I was wondering... How many lumens does a 2D Maglite with a Magnum Star II bulb produce? It has always seemed that it is always very dim. :candle:


----------



## AnAppleSnail (Jan 6, 2015)

The standard 2D Mag Lite gives 27 lumens and 10.6 kcd. CPF says that Xenon over Krypton gives about 10-15% output boost.


----------



## thinkFlashlights01 (Jan 6, 2015)

That's Dim! :tired::ironic::candle:


----------



## StarHalo (Jan 6, 2015)

As Quickbeam's runtime chart of the 3-D cell krypton shows, how bright an incan Mag is depends on when you ask:


----------



## StudFreeman (Jan 6, 2015)

Nice tint though. Too bad these bulbs didn't come out 15 years ago. They focus to a much nicer spot then the old ones.

StarHalo: the PowerStik incandescent regulator makes that plot into a straight line (in addition to fairly aggressive soft-start, meaning more practical overdriving of 2-cell bulbs). I have 3 incands and the regulation makes them much more enjoyable in a nostalgic sense. Like a nice remastering, it makes rose-colored glasses just a bit more pink.


----------



## thinkFlashlights01 (Jan 9, 2015)

StarHalo said:


> As Quickbeam's runtime chart of the 3-D cell krypton shows, how bright an incan Mag is depends on when you ask:



I'm looking for the 2d cell light.


----------



## alpg88 (Jan 9, 2015)

thinkFlashlights01 said:


> I was wondering... How many lumens does a 2D Maglite with a Magnum Star II bulb produce? It has always seemed that it is always very dim. :candle:



they are dim, very much so by modern standarts.


----------



## alpg88 (Jan 9, 2015)

thinkFlashlights01 said:


> I'm looking for the 2d cell light.



runtime would be the same on 2-6D lights, all run about 10 hours, only brightness is different, all bulbs (stock ones) pull about 1A, give or take, initially.


----------



## thinkFlashlights01 (Jan 10, 2015)

alpg88 said:


> runtime would be the same on 2-6D lights, all run about 10 hours, only brightness is different, all bulbs (stock ones) pull about 1A, give or take, initially.



Not runtime, brightness.


----------



## StarHalo (Jan 10, 2015)

thinkFlashlights01 said:


> Not runtime, brightness.



Brightness at that first instant you turn the light on with freshly unwrapped batteries is around 80 lumens, so the 25% of that it coasts/averages to is ~20.


----------



## ampdude (Jan 21, 2015)

StudFreeman said:


> Nice tint though. Too bad these bulbs didn't come out 15 years ago. They focus to a much nicer spot then the old ones.

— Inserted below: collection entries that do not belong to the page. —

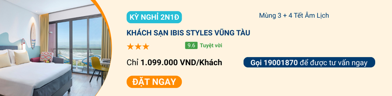 Ưu đãi Tết độc quyền iVIVU: 2N1Đ ibis Styles Vũng Tàu chỉ 1.099.000 VND/khách, áp dụng mùng 3 & 4 Tết Âm lịch 2026. Nghỉ dưỡng phong cách trẻ trung, sát biển Bãi Sau.
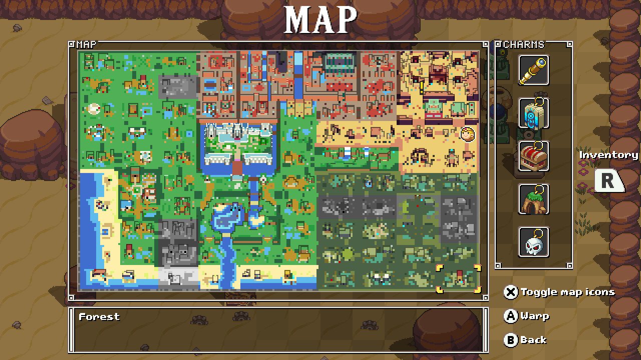 This game is pretty heavily inspired by the NES Zelda. I say this because they made a lot of the same design decisions I made when I tried to make a randomized NES Zelda. Like the original Zelda, they try to put a shop, cave, or other secret on nearly every screen.
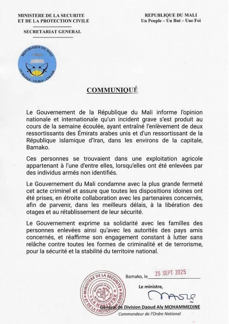 أعلنت الحكومة المالية، اليوم الخميس، اختطاف ثلاثة أشخاص بينهم مواطنان من الإمارات وآخر من إيران، على أطراف العاصمة باماكو خلال الأسبوع الماضي.
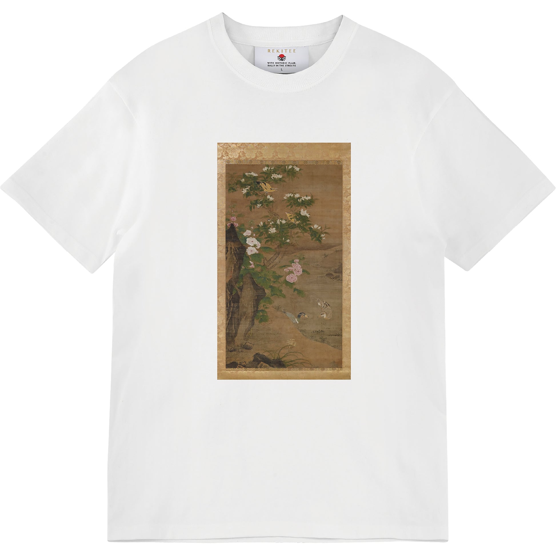 This work represents "Summer" from a four-panel series themed on the four seasons. Set in a garden with distinctive rocks, it features blooming gardenias, daylilies, and hollyhocks, along with vivid depictions of wild birds such as ducks, black-naped orioles and titmice. Considered Lü Ji’s greatest masterpiece, it also influenced Japanese art from the Muromachi period onward.

I used to use the old magnumstar bulbs back in the day in my maglites. I never liked the focus though, it was always kinda ugly. How much better do you think it is now? I haven't drug any out of storage in years, but I remember the old ones had these weird oblong lense shaped bulbs.


----------



## thinkFlashlights01 (Jan 21, 2015)

ampdude said:


> I used to use the old magnumstar bulbs back in the day in my maglites. I never liked the focus though, it was always kinda ugly. How much better do you think it is now? I haven't drug any out of storage in years, but I remember the old ones had these weird oblong lense shaped bulbs.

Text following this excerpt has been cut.